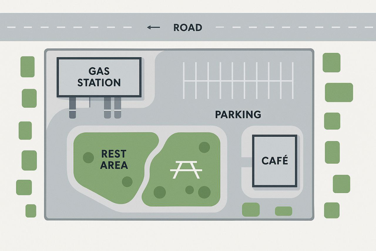 Особенно пристальное внимание уделяется платным трассам, ведь тарифы на проезд достаточно высоки, а значит и комфорт поездки по такой трассе должен быть на соответствующем уровне. В данной публикации мы рассмотрим правила проектирования многофункциональных зон дорожного сервиса согласно действующих нормативов.
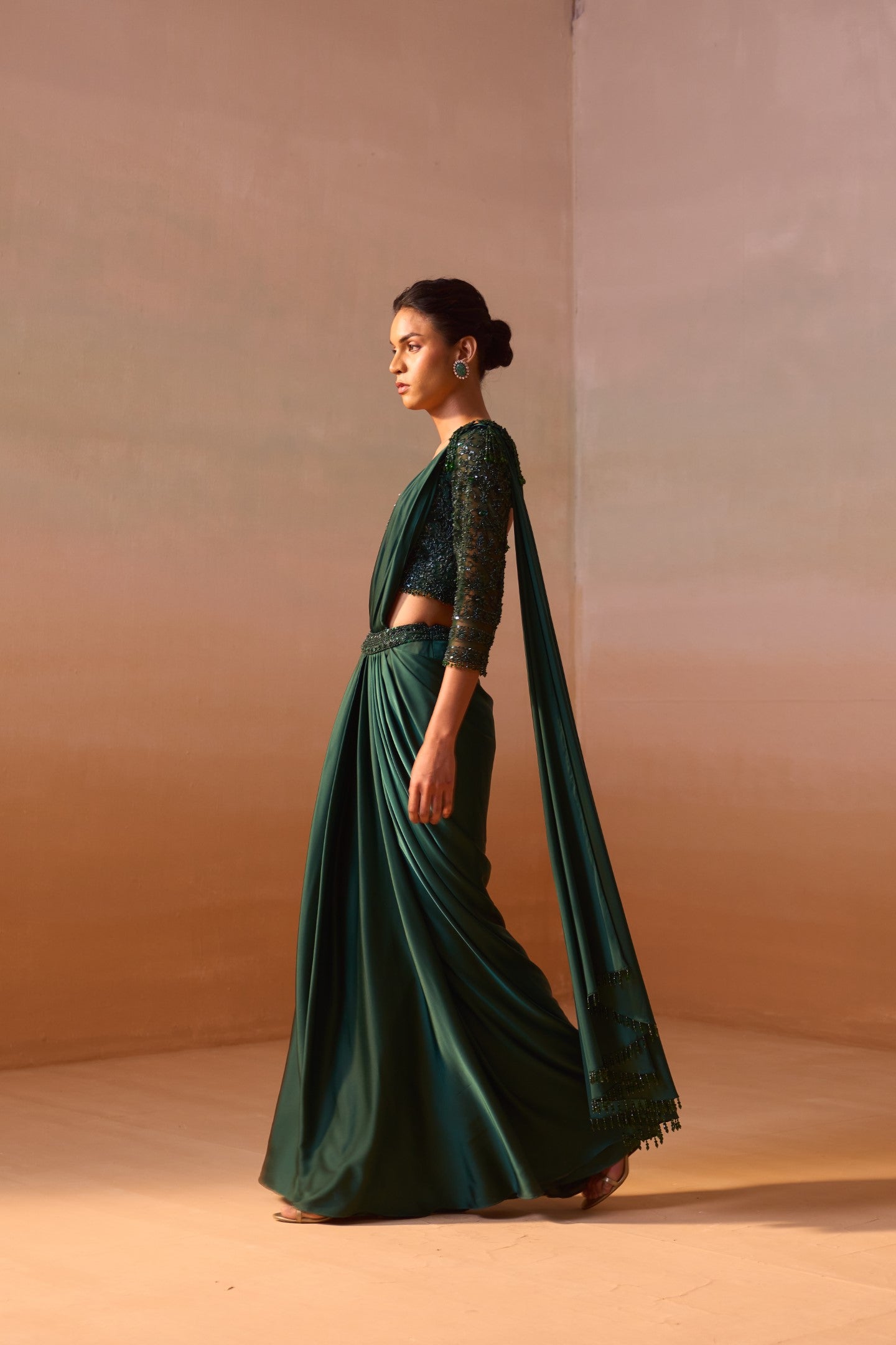Bottle green satin pre-draped saree with tonal swarovski sequins and beadwork embroidered blouse.
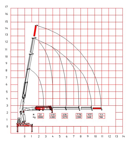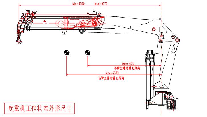 SQ10ZA3工作半徑9.57,手動吊臂工作半徑可加長到11.4,起重能力為900kg.
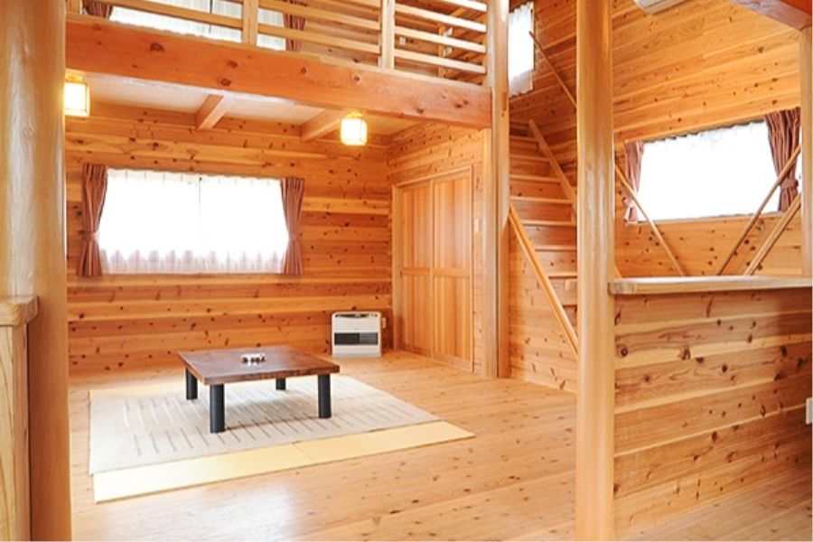 バンガロー宿泊 チェックインしてエアコン、冷蔵庫オンしてあったのが嬉しかった 子が二階建てベットを楽しみにしていましたが、 二階の高さが思った以上に高く親としてはドキドキです。子は楽しんで登ってました。 温泉施設も隣接、アスレチックもあり山々の景色、自然を堪能できました。 焼き網、炭の販売もあるので安心です。 帰りは宝牧場でソフトクリーム、近くで甘いものも楽しめます。 次は夜ご飯宝牧場の焼き肉も良いかな
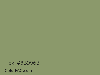 Hex #8b996b Color is a normal lime color and the nearest color is Avocado Pulp #888d65. Hex code #8b996b and RGB value is rgb(139,153,107). In RGB color space, this color is composed of 55% red, 60% green, 42% blue, In CMYK color space, this color is composed of 9% cyan, 0% magenta, 30% yellow , 40% black , In HSL color space, this color has a hue angle of 78° , 18% saturation and 51% lightness.
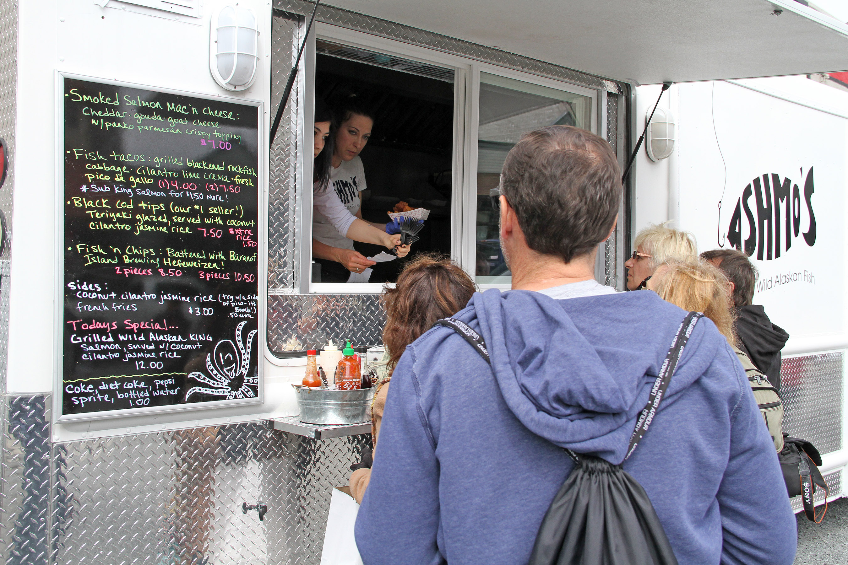 The most mobile of the new group of street food stands is Ashmo’s, a food truck owned by Ashley Moore specializing in Alaska seafood dishes. Ashmo’s has been parked out in front of the Coliseum movie theater on Lincoln Street for much of the summer. But the truck also has been available this summer at Baranof Island Brewing Company on Tuesday nights and for other special events (including the BIBCO community benefit night May 27 for the Sitka Local Foods Network), with occasional trips to the Old Sitka Docks, and by Eliason and New Thompson harbors.
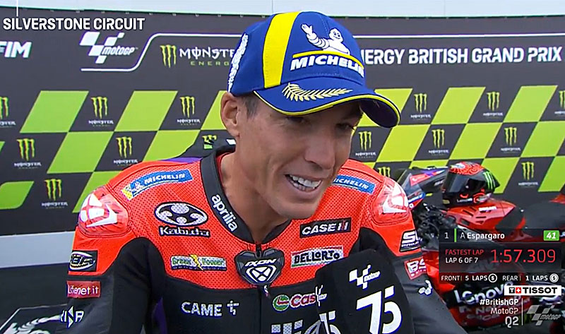 A peine descendu de son Aprilia RS-GP 24 officielle après avoir obtenu la pole position lors des qualifications du Grand Prix de Grande-Bretagne MotoGP 2024 à Silverstone, Aleix Espargaro s’est confié devant les caméras du site officiel MotoGP.com avec la joie d’obtenir sa 7e pole position en carrière sur le circuit où il a déjà gagné l’an passé …
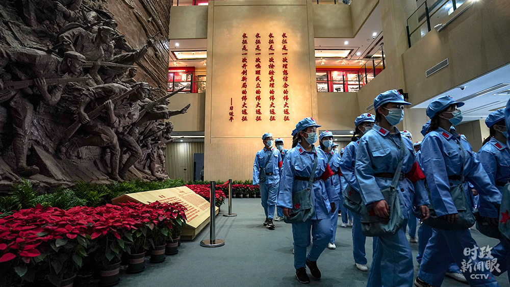 △紅軍長征湘江戰(zhàn)役紀念館內,參加“紅色教育”的學生們。(總臺國廣記者李晉拍攝)
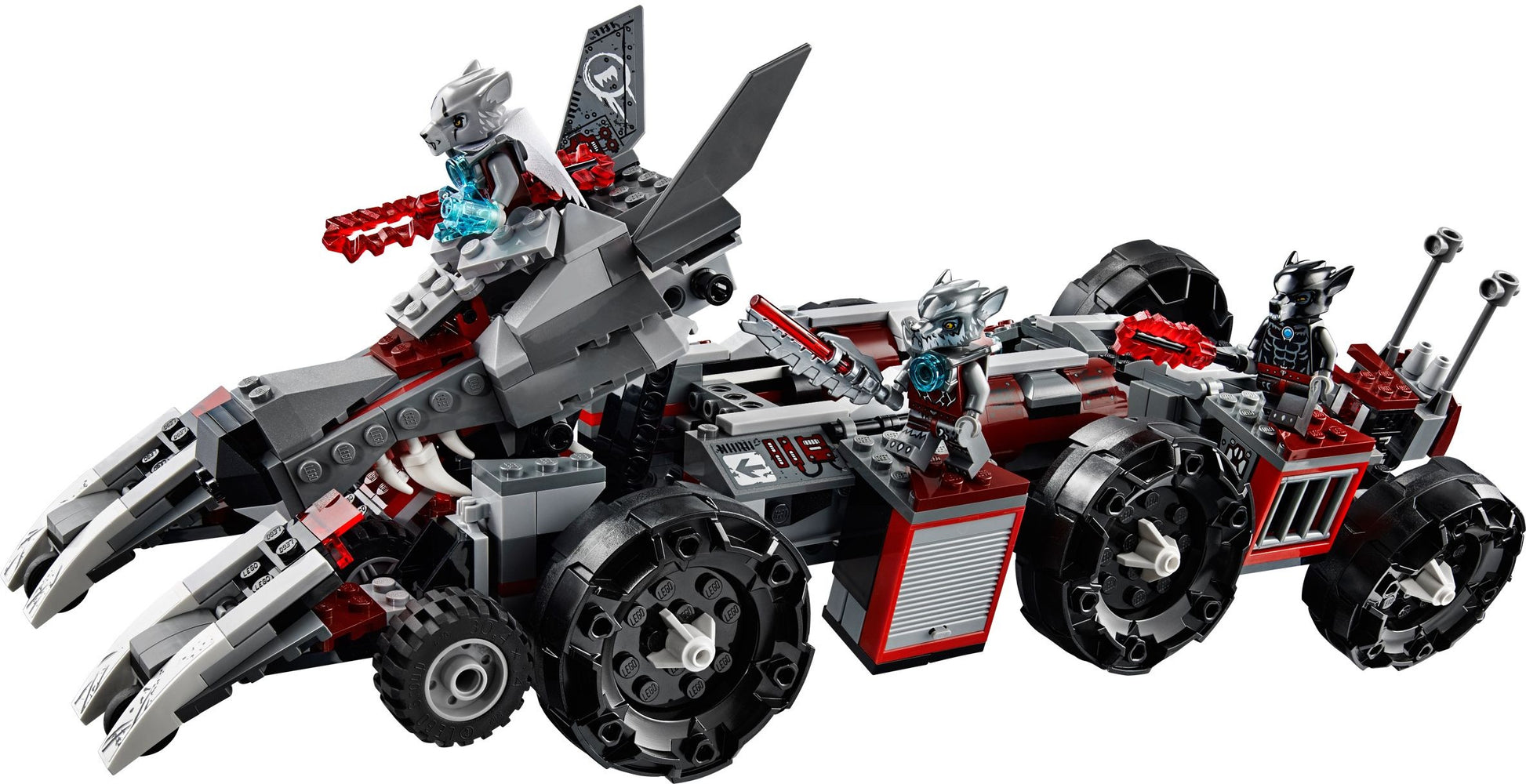 • Features cool articulated wolf face, teeth, ears and claws, 6 big all-terrain wheels, CHI, mobile prison and 5 detachable vehicles: a wolf helicopter, 2 wolf claw bikes, wolf motorcycle and a wolf truck

* * * * * * *

* _EXERCISE_
Give the lines above again exactly, from the one containing "Bottle green satin" to the one containing "Hex #8b996b Color", both included, but leave out the pictures.

* _YOUR RESPONSE_
Bottle green satin pre-draped saree with tonal swarovski sequins and beadwork embroidered blouse.
 SQ10ZA3工作半徑9.57,手動吊臂工作半徑可加長到11.4,起重能力為900kg.
 バンガロー宿泊 チェックインしてエアコン、冷蔵庫オンしてあったのが嬉しかった 子が二階建てベットを楽しみにしていましたが、 二階の高さが思った以上に高く親としてはドキドキです。子は楽しんで登ってました。 温泉施設も隣接、アスレチックもあり山々の景色、自然を堪能できました。 焼き網、炭の販売もあるので安心です。 帰りは宝牧場でソフトクリーム、近くで甘いものも楽しめます。 次は夜ご飯宝牧場の焼き肉も良いかな
 Hex #8b996b Color is a normal lime color and the nearest color is Avocado Pulp #888d65. Hex code #8b996b and RGB value is rgb(139,153,107). In RGB color space, this color is composed of 55% red, 60% green, 42% blue, In CMYK color space, this color is composed of 9% cyan, 0% magenta, 30% yellow , 40% black , In HSL color space, this color has a hue angle of 78° , 18% saturation and 51% lightness.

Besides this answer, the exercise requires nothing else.